Mimi est de descendance chinoise. Associée au mûrier et à l’avenir par son père, elle emmène aux Etats-Unis l’héritage d’une lignée avec une bague et un manuscrit ancestral.

Adam est le plus jeune enfant, le plus sensible de la famille Appich. A sa naissance, son père plante un érable. L’arbre reste pour lui un passage entre terre et ciel.

Ray Brinkman est un célèbre avocat. Grâce au théâtre, il rencontre Dorothy. A chaque anniversaire de leur rencontre, ils plantent un arbre. A défaut d’enfant, la nature les sauvera-t-elle du délitement de leur couple?

Douglas Pavlicek a testé la prison, s’est engagé dans l’armée. Il lit de la philosophie à son cheval jusqu’à la découverte de terres dépouillées par les coupes claires. Depuis, il passe ses jours à replanter des sapins de Douglas.

Neelay Mehta est originaire d’Inde. Son père l’initie à l’informatique. Quand tombé d’un chêne, il se retrouve gravement handicapé, il passe ses journées à concevoir un jeu video dans un monde animiste.

Patricia Westerford commence sa vie avec un problème de langage. Protégée par son père, elle vit dans un monde forêt, bercée par les lectures d’Ovide. Très vite, ses découvertes sur la communication entre les arbres la propulse violemment sur la scène mondiale.

Enfin, Olivia Vandergriff est une étudiante en dernière année de science actuarielle. Un expérience de mort imminente l’investit d’un étrange pouvoir. Elle est choisie par des êtres lumière pour sauver les arbres. C’est autour d’elle que vont se réunir une partie des personnages dans le tronc de cette histoire.

«  Le monde comptait six billions d’arbres quand les humains sont apparus. Il en reste la moitié. Dont la moitié encore aura disparu dans cent ans. »

Comme les arbres communiquent dans les airs, Olivia, Nick, Adam, Douglas, et Mimi, militants pour la sauvegarde du patrimoine forestier se retrouvent sur les mêmes champs d’action. Nous les suivrons sur des dizaines d’années allant du sit-in à l’écoterrorisme. 

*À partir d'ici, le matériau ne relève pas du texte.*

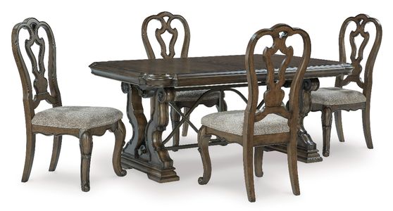 Signature Design by Ashley® Maylee Dark Brown Dining Table Set.From its ornamental appliques to its large scale, this dining extension table makes a bold statement. With a shapely tabletop that sits upon a double pedestal base, the opulent piece wows with stunning style. The look is timeless. The feel? Right at home.Read More
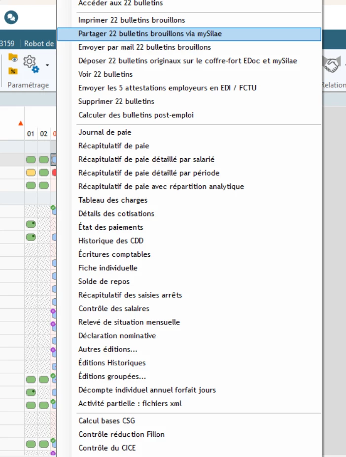 J’ai envoyé 22 bulletins en brouillon à mon client

Pendant ce temps, Neelay s’investit dans le monde virtuel avec des jeux de prophéties sylvestres, Ray et Dorothy se raccrochent aux branches et Patricia revient en force en créant une arche de Noé pour les arbres.

«  Etre humain, c’est confondre une histoire satisfaisante et une histoire pleine de sagesse. Si le monde échoue c’est justement parce qu’aucun roman ne peut rendre le combat pour le monde aussi captivant que les luttes entre quelques humains égarés. »

Richard Powers réussit ce tour de force. L’arbre monde est un roman passionnant qui ouvre les yeux sur l’urgence de réagir contre la déforestation, «  un plus puissant changeur de climat que tous les moyens de transport réunis. »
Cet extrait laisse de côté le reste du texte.